I’ve been writing about my struggles with infertility since we were first diagnosed, bringing my private pain public because talking about it normalizes the process for me. It uproots the comfort of denial. It forces me to answer on a regular basis whether or not I am expecting, but writing about it has also brought me a community of support that has been vital. Women have reached out to me to tell me their stories, to share medical details with a stranger on the Internet, though they haven’t been able to talk about it with their families. I am grateful for their courage and only wish they could draw comfort from the people who love them.

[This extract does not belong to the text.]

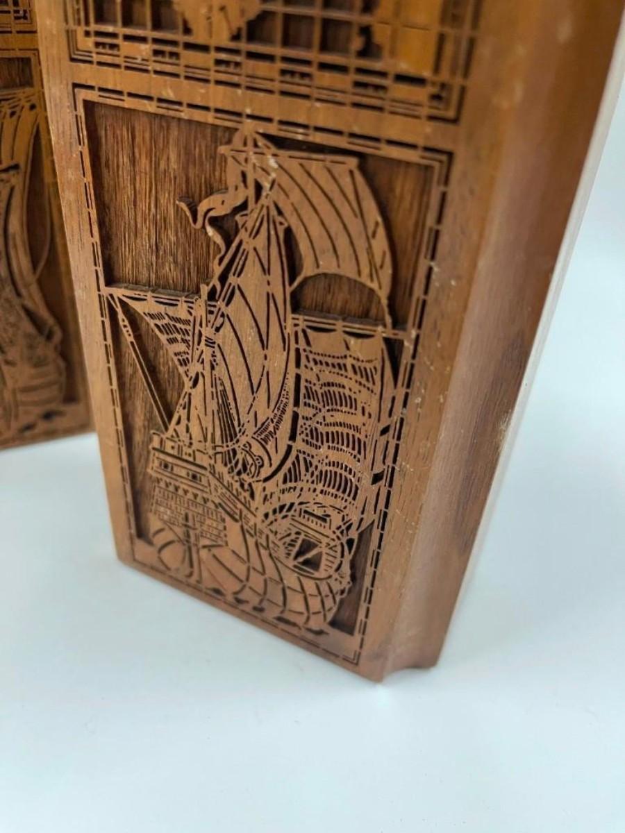 Pair of Lasercraft Nautical Wood Bookends

There is an African proverb that says “a woman without children is like a tree without leaves,” but I don’t feel that way at all. I don’t feel leafless. On a daily basis, I email a flurry of ridiculous questions to my sister-in-law, Michelle, a busy doctor and mother of two (Can I drink raspberry leaf tea? Can I still go for walks? If so, how fast? Can I love this embryo into existence?), and she answers each one with patience and tenderness. Her strength is a bud on my brittle branches.
A friend mails me a “foam finger of bravery” to wear while I get my injections and another bud blooms. My niece, Katie, calls to tell me she loves me and her sweet voice is a precious flower. My father takes me to a doctor’s appointment because I am too nauseous to drive and there is more foliage still.
Each woman who shares with me her story, each call from my brothers and sisters-in-law, each email from a friend, each text and inquiry into how we are doing adds more and more blossoms, more and more life to my dry twigs. And there’s my husband and I at the roots, the strength at the core of our seedling, our limbs entangled as we hold tightly to each other, hoping against hope that this embryo, our embryo, will grow into a baby.